Skelton and Edwards take a different angle by promoting the “desirability of speculation”  in the Discussion section, which should, they argue, be discursive as its title suggests. According to them, “every discussion is obliged to ‘go beyond the evidence.’ Every paper must reach a conclusion that is not contained in its results. And not all statistically significant findings have clinical relevance. In quantitative research, therefore, a central aim of discussions is to reinterpret the significant as relevant—and that requires subjective interpretation of data.”
Hess’ advice is that “if you feel compelled to speculate, be certain that you clearly identify your comments as speculation” such as by preceding any statement with “We speculate that …” . Further, to ensure a balanced tone, our recommendation would be to seek out the Discussion sections in your target journal and aim to provide a similar structure and style.
The Discussion section is the opportunity for you to explain to your audience the merits of your study and its unique contribution. The best advice is not to pass up that opportunity by using unclear language, vague terms and overly speculative conclusions. As with the rest of the paper, aim for grammatical accuracy as well as a consistent set of terms and specific terminology. Your readers will not thank you for suddenly introducing a new abbreviation or concept at this late stage of proceedings. Modern academic writing also prefers the active voice.
According to Sanli and colleagues, the length of the Discussion section should not exceed the sum of other sections (Introduction, Materials and Methods, and Results), and it should be completed within 6–7 paragraphs. They add that “each paragraph should not contain more than 200 words” . This is sage advice for scientific papers that comprise 4000–5000 words.
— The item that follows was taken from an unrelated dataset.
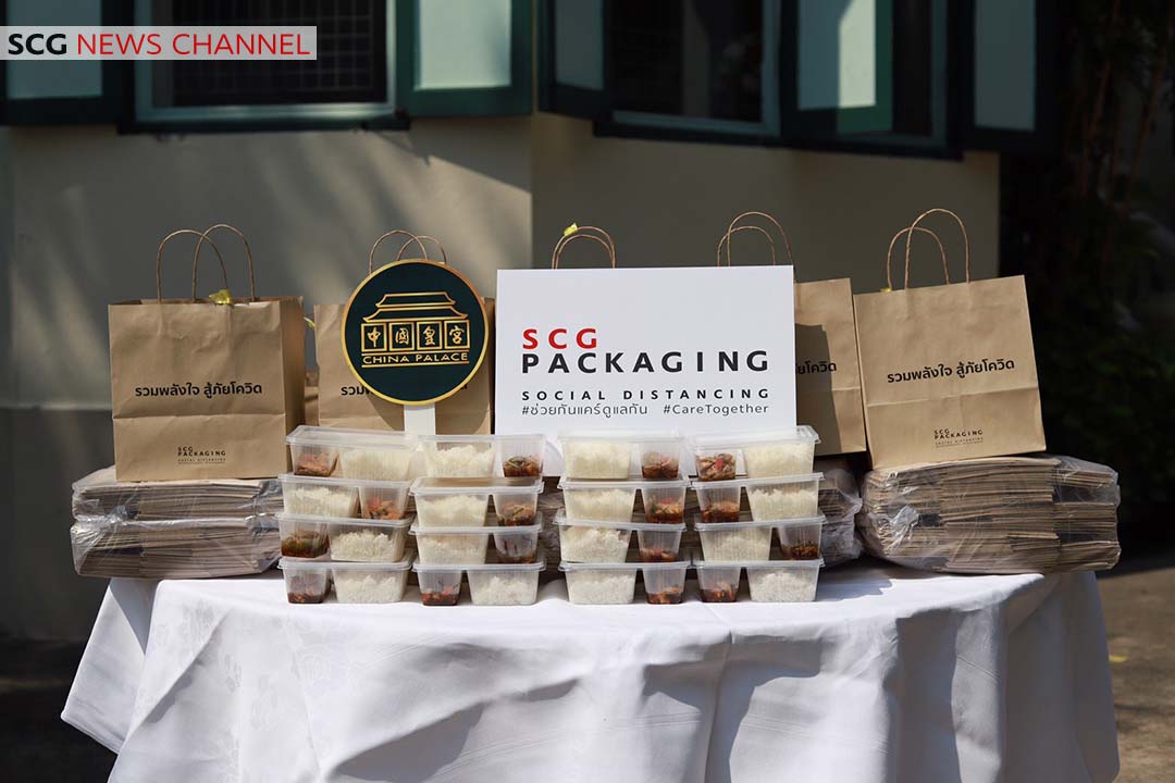 เอสซีจี แพคเกจจิ้ง มอบบรรจุภัณฑ์อาหารและถุงกระดาษ ซึ่งมีความสะอาดและปลอดภัย สำหรับบรรจุอาหารส่งมอบให้ถึงมือแพทย์และบุคลากรของโรงพยาบาลจุฬาลงกรณ์ สภากาชาดไทย โรงพยาบาลรามาธิบดี โรงพยาบาลศิริราช โรงพยาบาลรามาธิบดีจักรีนฤบดินทร์ บางพลี โรงพยาบาลสมุทรปราการ และโรงพยาบาลบ้านโป่ง จังหวัดราชบุรี เพื่อสนับสนุนการทำงานของทีมแพทย์และบุคลากรของโรงพยาบาลที่ต้องเผชิญกับการแพร่ระบาดของไวรัสโควิด-19 ทั้งนี้ ได้ร่วมมือกับผู้ประกอบการร้านอาหารชั้นนำ ได้แก่ ไชน่า พาเลซ (China Palace) สี่พระยา และไนน์ คาเฟ่ (Nine Cafe’) อ.บ้านโป่ง จ.ราชบุรี ที่ร่วมสนับสนุนอาหารคุณภาพในโครงการ“รวมพลังใจ สู้ภัยโควิด” นี้

Further, a combination of tenses is acceptable. For example, prefer the past tense to summarise the findings, whereas the present tense may seem more appropriate when interpreting the results or describing the significance of the findings. Indeed, a mixture of tenses might even be found in the same sentence in Discussions. Moreover, the future tense can be used to make recommendations for further research or provide future avenues.
In essence, taking the time to generate a well-crafted Discussion benefits not only the quality of your publication but also the wider scientific community. By clearly placing your findings in context, you ensure that their contribution and implications are considered fully.
References Docherty, M., & Smith, R. (1999). The case for structuring the discussion of scientific papers: Much the same as that for structuring abstracts. BMJ, 318(7193), 1224.
 Skelton, J. R., & Edwards, S. J. (2000). The function of the discussion section in academic medical writing. BMJ, 320(7244), 1269-1270.
 Hess, D. R. (2004). How to write an effective discussion. Respiratory Care, 49(10), 1238-1241.
 Sanli, Ö., Erdem, S., & Tefik, T. (2013). How to write a discussion section? Turkish Journal of Urology, 39(Suppl 1), 20.